Voilà un livre qui me laisse franchement mitigée. Mitigée sur les intentions de l'auteur et son écriture. Attention cette critique est un total spoiler passé le premier paragraphe.
Faulkner a une patte bien à lui, on ne peut le nier. Rarement j'ai été aussi perdue en lisant un récit. On croit suivre ; les phrases, séparément, ont bien un sens, mais quand on les met bout à bout on ne comprend plus rien ! de qui parle t-il ? Y a un nouveau personnage ? Non, il parle du même depuis tout à l'heure... ou bien c'est l'autre ? Et cette manie de l'ellipse. On coupe, on coupe, alors accrochez vous.
Sur le fond, on plonge dans les bas-fonds c'est le cas de le dire. Avec des personnages au choix détestables, paumés, pauvres, au bout du rouleau, calculateurs... Bref, que du beau monde.

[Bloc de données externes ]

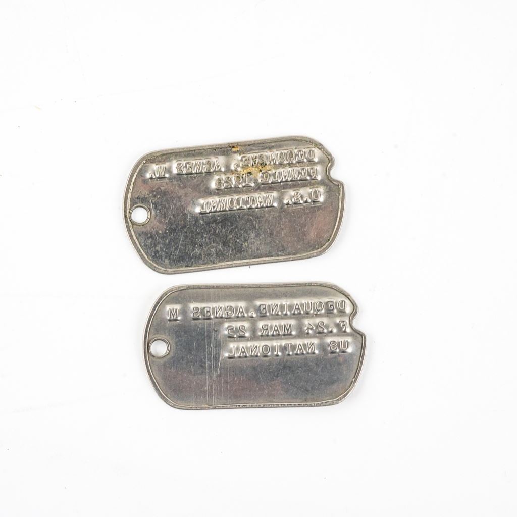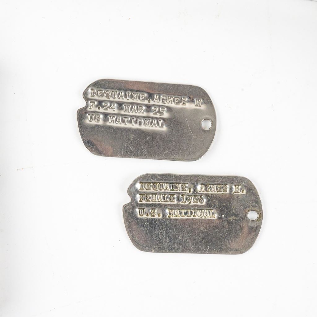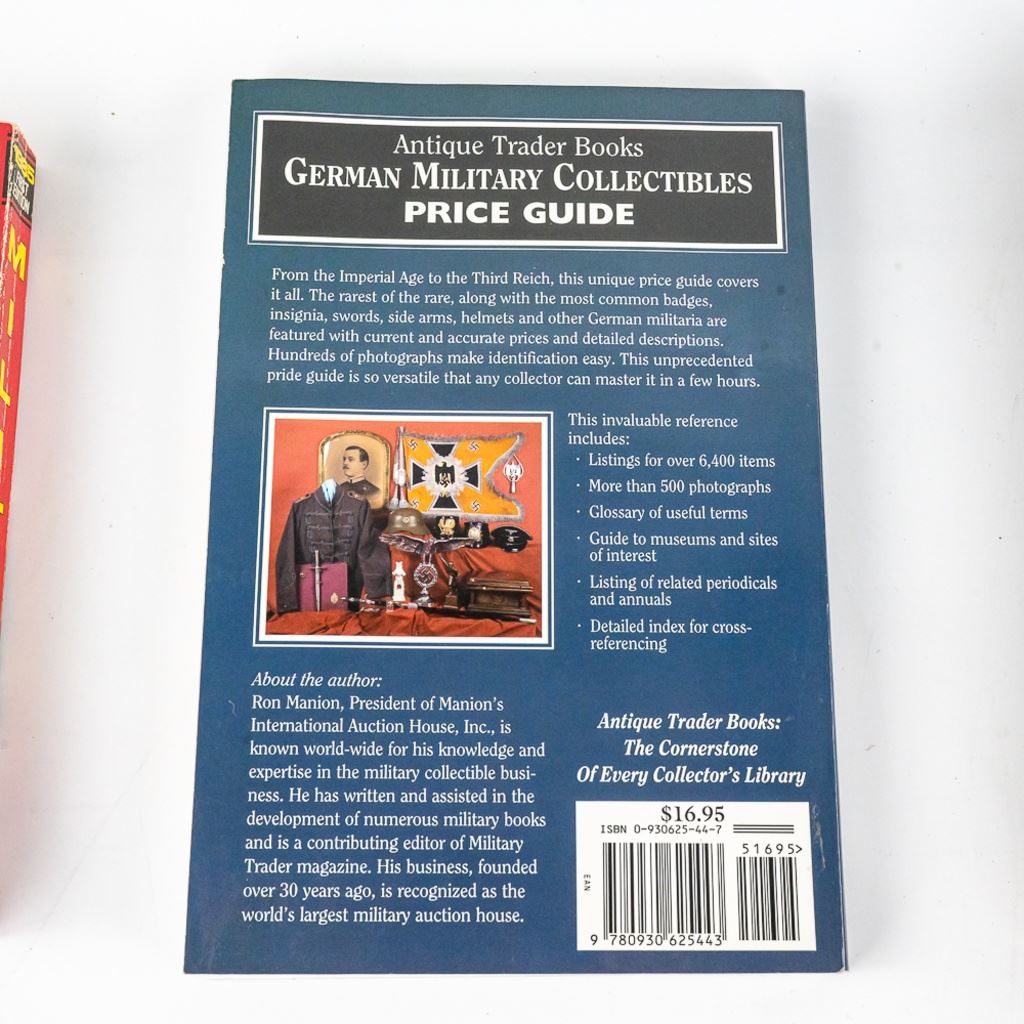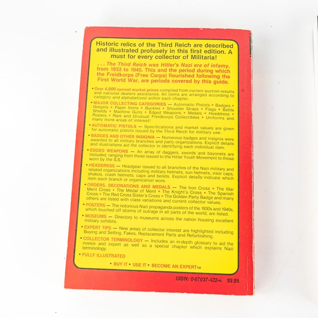 Lot of 5 includes 1) WWII era cigarette and lighter case. The attached jump badge may be post war. Marked with "Dawn" marker logo inside. 2) WWII German leather map case with DAF cap badge attached. Has one brown mechanic pencil under lid. Case shows wear and age. 3) Pair of WWII or later woman's dog tags and 4-5) Two price guide books on WWII German collecting.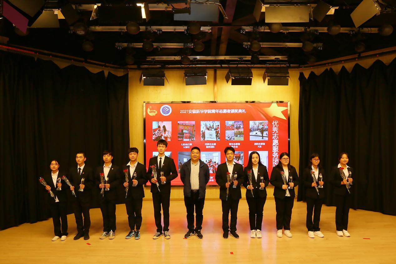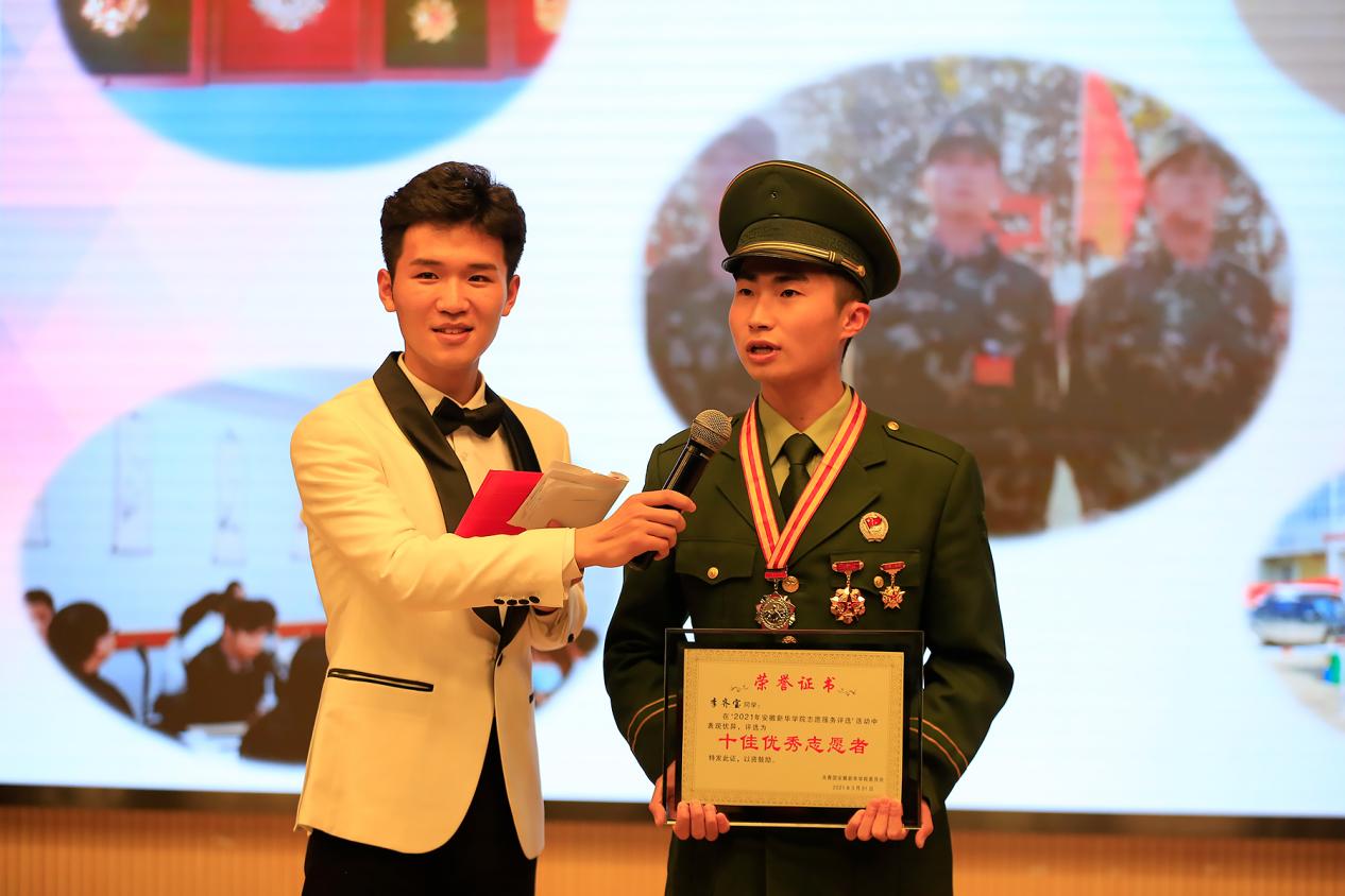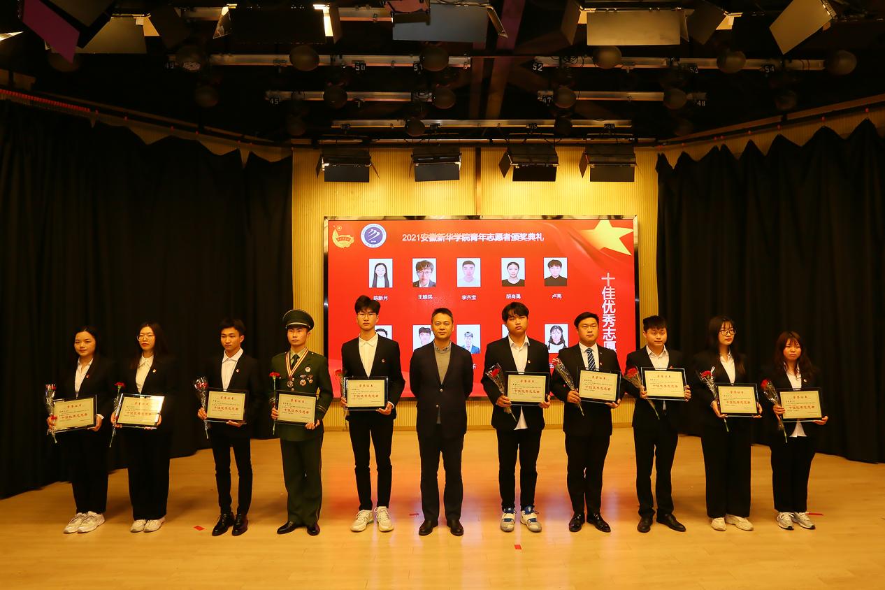 校长助理汪俊东为“十佳志愿者”获奖学生颁奖。

Les 100 premières pages ont été particulièrement atroces de mon point de vue. On suit le trajet de deux jeunes amants du milieu bourgeois. La fille fait le mur avec son copain. le type a bu et ils ont un accident. Ils sont proche d'une baraque où il font escale. Là, Gowan continue à se biturer avec les 3 autres types au lieu d'essayer de trouver une autre voiture pour ramener Temple dans son école.
Faulkner prolonge encore et encore cette étape, avec une angoisse croissante la nuit venant : Temple n'est pas en sécurité avec ces hommes brutaux. La seule autre femme présente lui fait comprendre (sait-elle ce qu'est un "vrai homme" ?).
Bon, franchement au début j'étais agacée, tout de suite pourquoi ces pauvres péquenauds voudraient la violer et puis merci la définition du vrai homme, très flatteur. Pauvre = connard ? Mais, bon, la décision de l'auteur est ainsi, oui, Temple y passera et sera enlevée par son agresseur qui plus est. Et un homme sera tué, le seul de son côté cette nuit-là. Et son amant au lieu de la sortir de là s'en va lâchement. Donc Gowan est le premier connard dans tout ça et bizarrement sera jamais évoqué par la suite.
Après avoir passé plus de 100 pages sur le "cas" de Temple, on se concentre sur Goodwin, présent cette nuit là, et accusé à tort d'avoir tué son collègue. Comme si c'était le sujet principal. Je veux dire, c'est complètement retord comme procédé. Comme si quelque part, Temple une fois violée, ne servait plus, n'était qu'un procédé scénaristique pour mettre de la tension dans le récit. L'honneur est perdu à jamais, il n'y a plus que la vie de cet homme à sauver. On comprend même par la suite que son père l'a à peine cherchée et a fait semblant de la retrouver ! Et l'avocat de Goodwin la retrouve mais n'essaye pas de l'aider. Tout ça n'a pas de sens !
Bref, par l'acte de deux hommes, Gowan, et Popeye (nom très ironique au passage puisqu'il s'agit d'un gringalet malformé), le vrai coupable, le malheur se répand. L'accusé, Goodwin, sera jugé coupable à cause de Temple qui affirme qu'il est le coupable (mais pourquoi agit-elle ainsi ? des informations ont pu m'échapper...) du meurtre et visiblement de son viol. La justice rend justice à côté de la plaque. Popeye, quant à lui, sera jugé pour un crime qu'il n'a pas non plus commis.
C'est un tableau de la misère humaine, tant pécuniaire que sentimentale que nous fait
Faulkner à travers une galerie de personnages terribles. L'avocat voudrait quitter sa femme, ne sait plus quoi faire de sa vie. Popeye le violeur est en fait impuissant et regarde Temple coucher avec un autre homme. Sa logeuse est complètement alcoolique (et couchait avec son père?), tout comme le devient Temple pour surmonter sa situation de femme captive. La femme de Goodwin a une vie de misère bercée par la prostitution et un mari violent... Qui quant à lui finit immolé par des citoyens fous furieux.
En définitive peut-on dire que c'est une fresque de l'immoralité, du désarroi et du malheur ? Oui, assez. A ne pas lire en cas de dépression.